# Is auto sales tax a common business deduction?



## CaptainToo (Dec 5, 2017)

So I am considering buying a replacement vehicle and wonder if the Massachusetts sales tax of $6.25% would be deductible as a common business expense in the year if purchase. I plan to use the standard mileage deduction for my other driving expenses, just not sure if sales tax can be a separate deduction. Anyone know?


----------



## UberBastid (Oct 1, 2016)

CaptainToo said:


> So I am considering buying a replacement vehicle and wonder if the Massachusetts sales tax of $6.25% would be deductible as a common business expense in the year if purchase. I plan to use the standard mileage deduction for my other driving expenses, just not sure if sales tax can be a separate deduction.

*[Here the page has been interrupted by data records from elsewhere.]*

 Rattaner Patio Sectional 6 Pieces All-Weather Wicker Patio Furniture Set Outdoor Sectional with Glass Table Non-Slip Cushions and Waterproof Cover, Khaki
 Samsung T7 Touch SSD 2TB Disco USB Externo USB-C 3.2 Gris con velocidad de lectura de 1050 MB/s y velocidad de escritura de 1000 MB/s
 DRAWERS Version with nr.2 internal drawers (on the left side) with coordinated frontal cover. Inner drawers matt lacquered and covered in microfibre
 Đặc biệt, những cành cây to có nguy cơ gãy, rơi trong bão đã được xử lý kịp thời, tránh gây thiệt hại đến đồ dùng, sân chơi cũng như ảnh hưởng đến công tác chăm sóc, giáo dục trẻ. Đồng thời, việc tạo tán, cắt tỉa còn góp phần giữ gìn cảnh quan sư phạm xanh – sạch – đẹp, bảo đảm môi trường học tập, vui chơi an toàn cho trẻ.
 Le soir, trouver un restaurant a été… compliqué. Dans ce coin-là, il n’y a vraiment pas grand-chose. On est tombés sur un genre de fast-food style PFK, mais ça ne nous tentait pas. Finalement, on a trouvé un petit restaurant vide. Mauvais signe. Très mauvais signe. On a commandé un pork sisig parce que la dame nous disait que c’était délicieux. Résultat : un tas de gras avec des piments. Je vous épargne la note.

Anyone know?


Tax laws have changed recently -- it was in all the news.
Check with your tax professional.


----------



## Older Chauffeur (Oct 16, 2014)

^^^^ This. It looks like the personal deduction for state property, sales and income taxes will be capped at $10,000. I don't know if it will be different for a business like ridesharing, but you're supposed to be able to deduct 20% as a small business operator, so the sales tax deduction issue may be moot. Add that to the mileage and a lot of drivers are going to be showing little or no profit.

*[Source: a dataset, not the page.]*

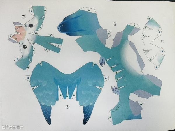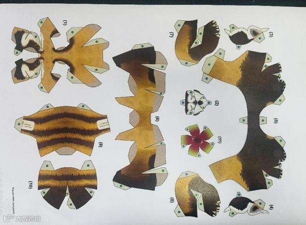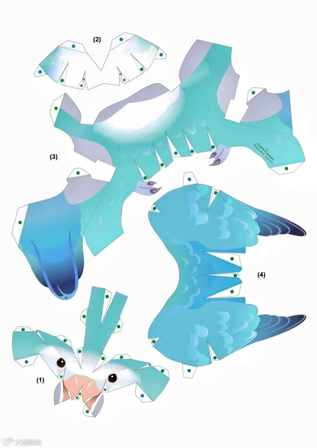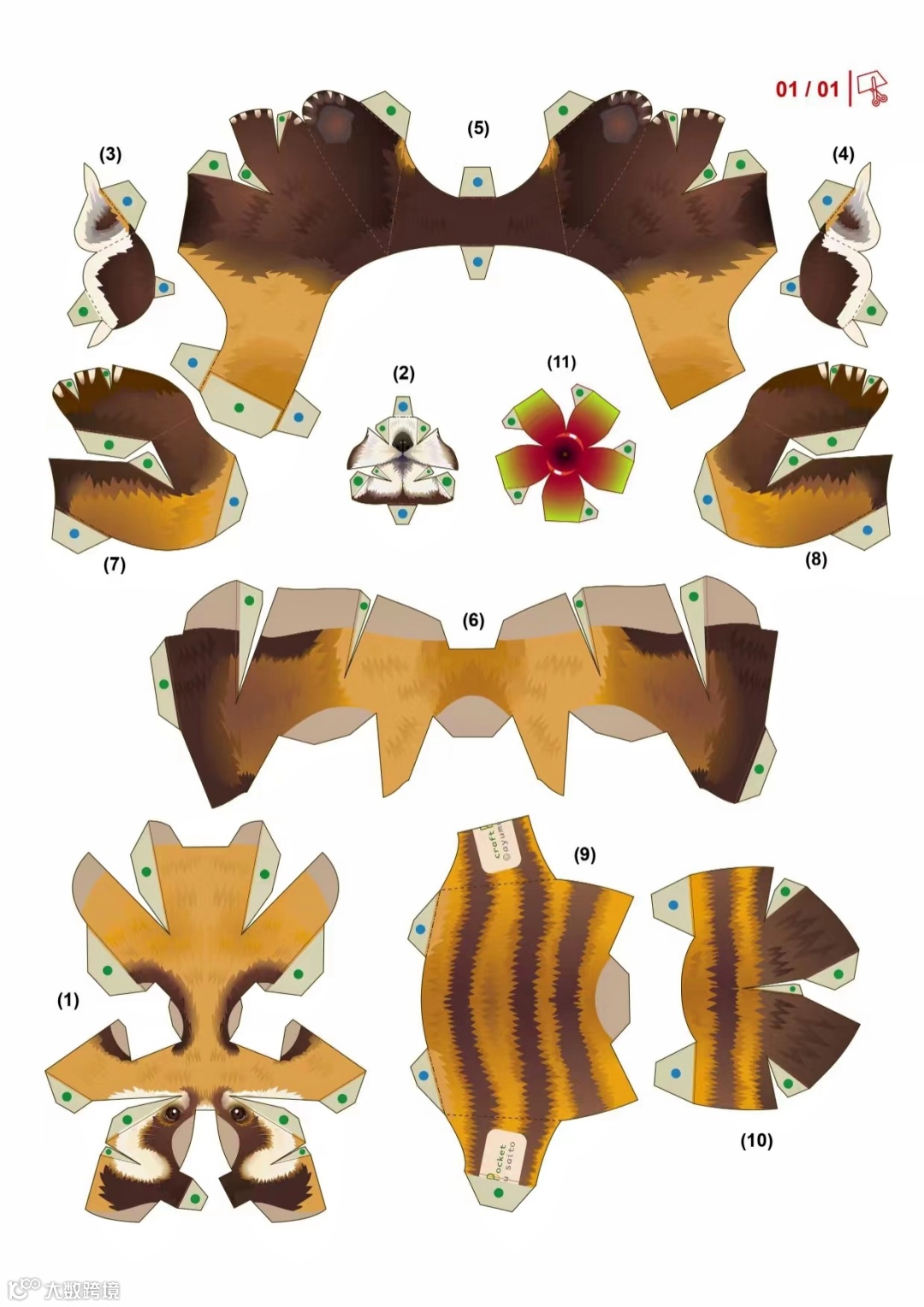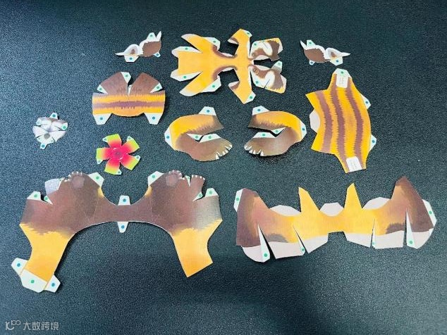 将图样上带有绿色圆点标记的区域,用固体胶粘贴起来,组成萌宠各个部位的小零件。

Disclosure: I'm not a tax professional.


----------



## UberTaxPro (Oct 3, 2014)

CaptainToo said:


> So I am considering buying a replacement vehicle and wonder if the Massachusetts sales tax of $6.25% would be deductible as a common business expense in the year if purchase. I plan to use the standard mileage deduction for my other driving expenses, just not sure if sales tax can be a separate deduction. Anyone know?


Not if your using SMR for your vehicle deduction.


----------